Internal data is often the first place that companies look when they start to think about analytics and insights. But they shouldn’t overlook the wealth of value that can be gained from mining external and third-party datasets.
Information about your own operations, such as sales transactions and operational performance, can tell you what has happened in the past and help you make educated guesses about what will happen in the future. External data sources can help you understand what your competition is doing, as well as how trends such as consumer behavior patterns, market dynamics or even the weather can impact your performance. In my opinion, an understanding of both is essential today, if you want to make the most of the transformative opportunities offered by data and analytics.
Today, artificial intelligence (AI) and machine learning, fueled by data, is quickly becoming a hugely transformative force in many industries and markets. However, not every company has the resources of an Amazon or a Walmart that allow it to generate vast amounts of proprietary, internal data from a customer base of millions. Fortunately, external data can be just as useful and has the advantage of being readily available to just about anyone.
During the Covid-19 pandemic, rapidly changing behavior meant that many of the existing models used by businesses to predict demand or forecast change became obsolete overnight. A large amount of their internal data now held little use. During this period, companies often found that external data held the key to building new models to predict how people would react to changing circumstances. Data on internet search traffic was particularly valuable for everything from tracking the spread of the virus to predicting where behavior changes would be most severe, to understanding what people’s new priorities were in a changing world.
External datasets may be publicly available – for example, many governments make a wide range of information available through portals such as data.gov and data.gov.uk. Alternatively, they might be privately held, and either made available for free (for example, Google's basic search and trends data services) or for a cost. Companies such as Nielsen and Experian provide marketing and demographic data from a huge range of sources, and niche providers have emerged carrying specialist datasets of value to many different industries.
When one US glass manufacturer was looking to diversify its revenue streams, it found that it was able to predict where window repairs were most likely to be needed by analyzing publicly available crime data. By streamlining its supply chain and prepping mobile repair units, it was able to quickly build a profitable new business unit providing emergency repairs. On an industry-wide scale, finance and credit card companies have long used external data from credit reference agencies to assess the risks of lending to individual customers. And real estate businesses use public databases of property sales to estimate the value of houses they buy, sell and lease.
Special mention should also be given to the role that external data plays in the transformative power of the “digital twin." This is a simulated version of a business, a product, or a process that can be used to predict how different variables will affect its performance in the real world. While the “twin” model is generally built using internal data, external data can be used to simulate the “world” that the twin exists in. For example, Goodyear creates simulated versions of its tires using data from its manufacturing processes. It then uses external data on the structure and condition of road surfaces, as well as weather data, to create realistic environments that can be used to predict the performance of new tire prototypes.
Of course, there's no such thing as a free lunch, and there are challenges when it comes to working with external data, even if it's provided at no cost. One is that as you don’t have direct control of the means of capturing the data, you might find yourself overly reliant on the data provider, which might vanish or drastically alter its methods of operating at any time. If you’ve used resources to build analytics tools around these services, and they suddenly aren't available anymore, this could be a problem.
As well as that, there can be technical issues.
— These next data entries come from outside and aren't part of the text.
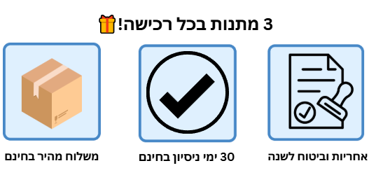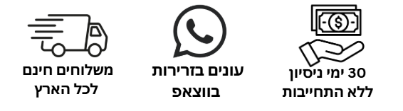 יש לנו מדיניות של 30 יום החזרים מיום קבלת המוצר, לכן אין לכם סיבה לדאוג, אם אתם לא מרוצים ממוצר יש לך שירות לקוחות זמין בצד הימני של המסך תשלחו הודעה ונשמח לעזור💙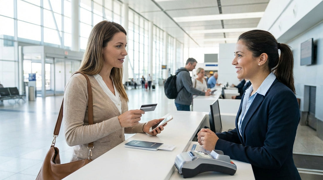 A person paying for their car rental with a credit card at an airport counter in the United States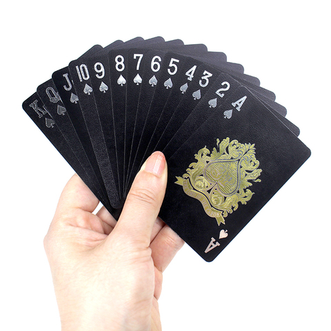 Nueva calidad de plástico PVC poker suave impermeable negro naipes chapado en oro duradero juegos de mesa de póquer personalizados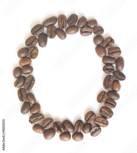 Obraz premium Letter O made of coffee beans under a daylight isolated on white background
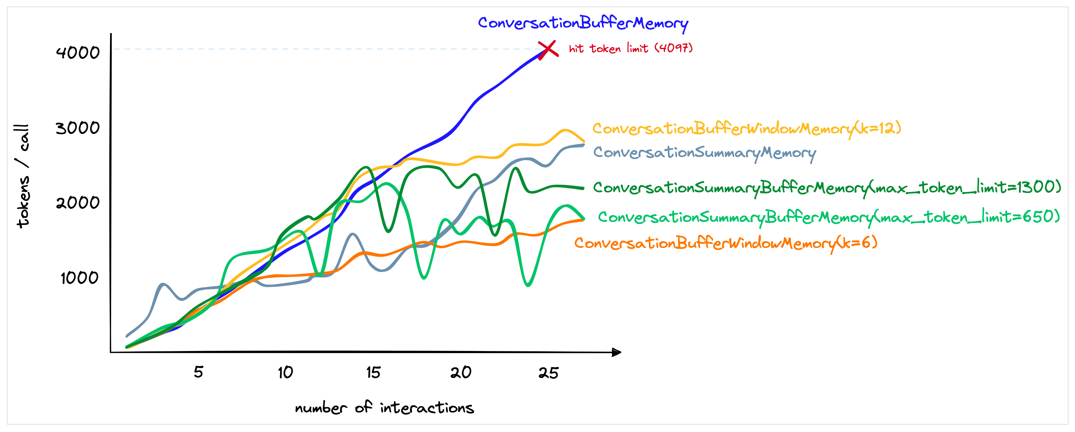 - 适合长对话:对于长对话,此方法的优势尤为明显。虽然最初使用的 Token 数量较多,但随着对话的进展,汇总方法的增长速度会减慢。与此同时,常规的缓冲内存模型会继续线性增长。
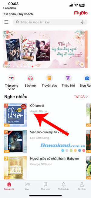 Bước 2: Sau khi hoàn tất tải xuống, mở ứng dụng và nhấn vào tựa sách mọi người muốn nghe.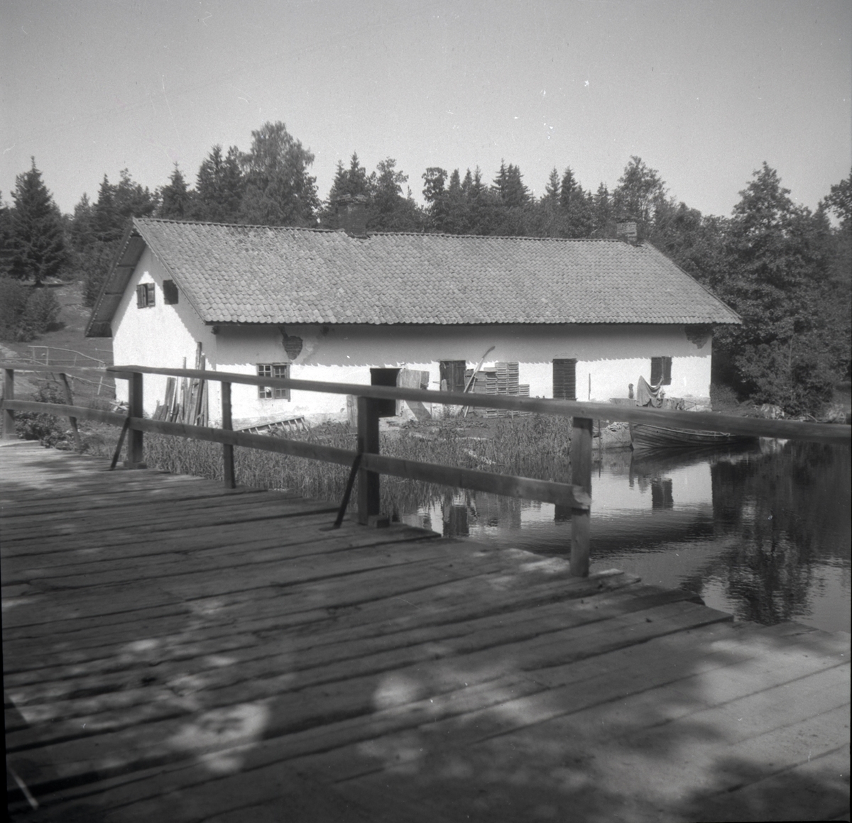 Bränneriet vid ett vattendrag och en brygga i Helgerum.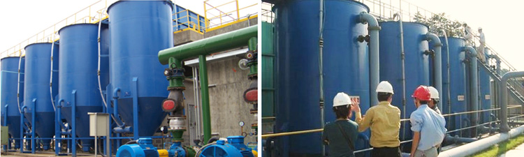 中水回用工程系统采用8台P-55流砂过滤器,一台PAM加药装置,一台PAC加药装置和3台空压机组成,来水分别经PAC、PAM混凝处理后进流砂过滤器过滤,处理后的出水,经臭氧处理后进入下道流程。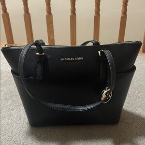 Chic black leather handbag by Michael Kors. Features elegant gold hardware and spacious interior.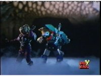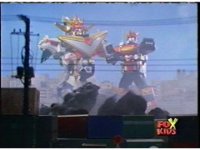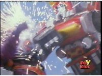 Meaty chunks of debris fall down before Galaxy & Centaurus Megazords. |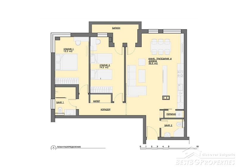 Open plan living room with dining area and kitchen - 32 sq m and an exit to a balcony, a laundry room, a closet with boiler installation, 2 bathrooms – one with a toilet, 2 separate bedrooms of 14 sq m, a separate underground basement.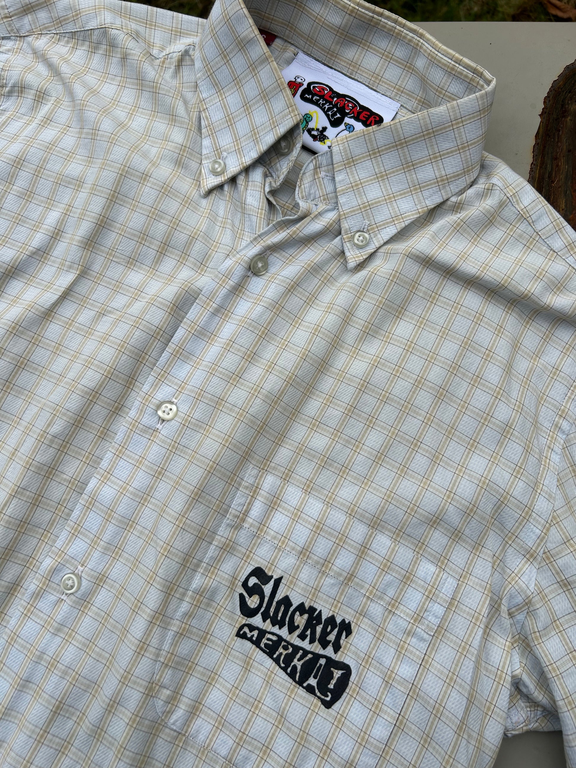 Une vraie chemise Slacker, récupérée, réinventée, sérigraphiée.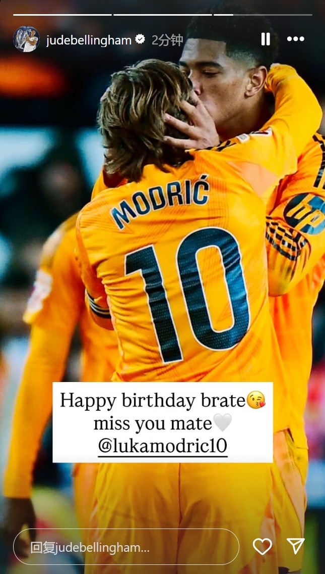 9月9日讯 今天莫德里奇迎来40岁诞辰,贝林厄姆在社媒晒照送祝愿。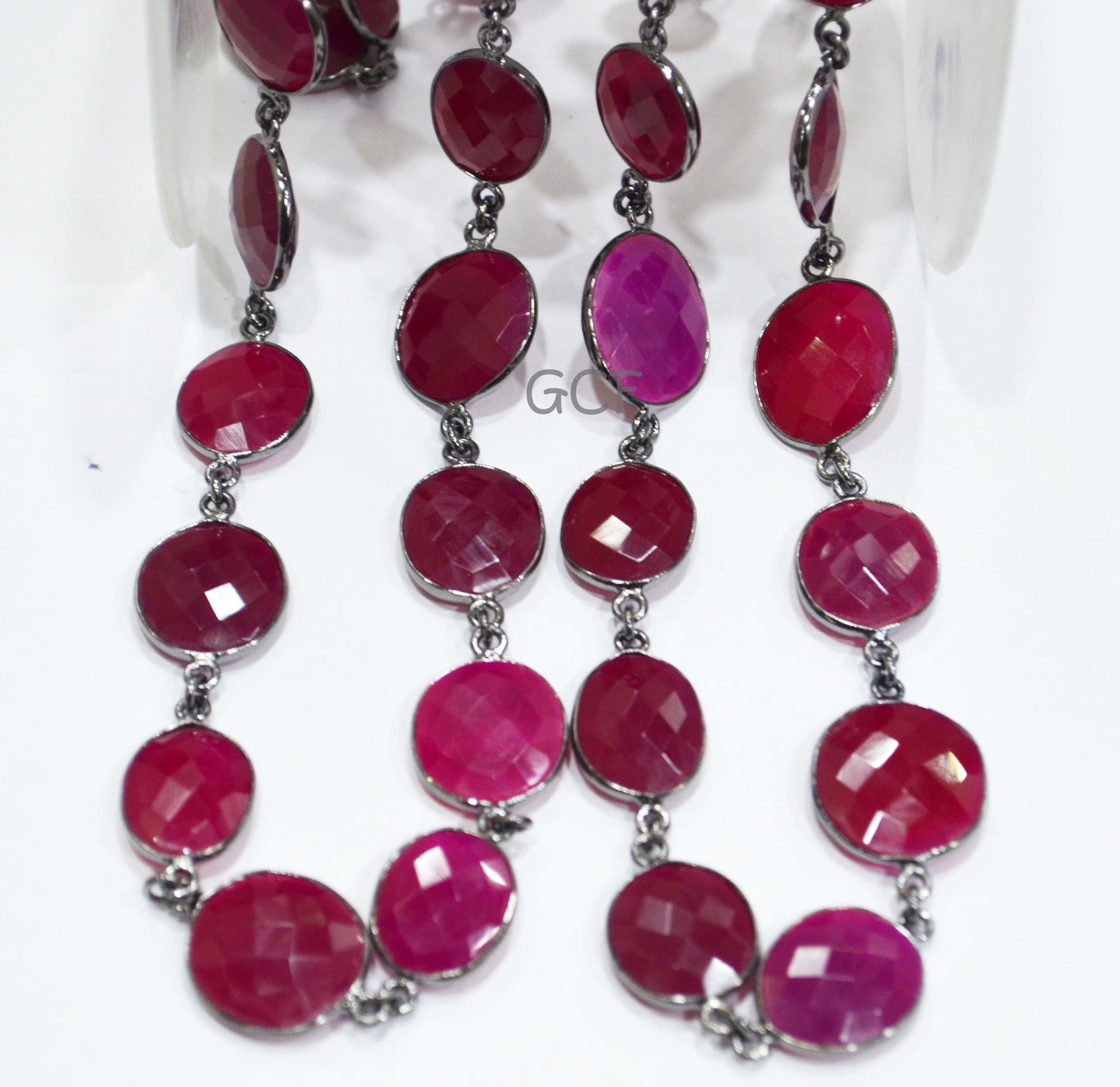 Hot Pink Chalcedony Faceted Slice Shape Connector Chain ,Hot Pink Chalcedony Slice Bezel Link Chain , 14x16 - 17x20 mm , 6779

Working with multiple datasets from different providers means you have to make sure your data is in a format that can be easily correlated and merged with each other. The most valuable insights often come from combining two or more different and entirely separate datasets. A data engineering or cleansing job is often necessary to get it all into a state where this is possible.
Finally, bear in mind that as you may require many different data sources, which could range from satellite imagery and meteorological data to anonymized customer data, you may have to build and maintain relationships with several different data suppliers. This brings compliance issues, as you will always have to be sure that the data you’re buying has been collected and processed in a lawful and ethical way. The amount of compliance and regulation around the use of data is becoming greater by the day, and as a data processor, you may very well find yourself facing a potentially expensive penalty if your suppliers aren’t all above-board.
If your organization is capable of putting plans and strategies in place to manage all of that, then working with external data has the potential to be extremely rewarding. It means your data and analytics strategy is no longer only about "you" but becomes about building an awareness of the environments and ecosystems around your business in which it operates. It can allow you to streamline and drive efficiencies throughout your existing business models or even transform in a way that allows you to create entirely new ones.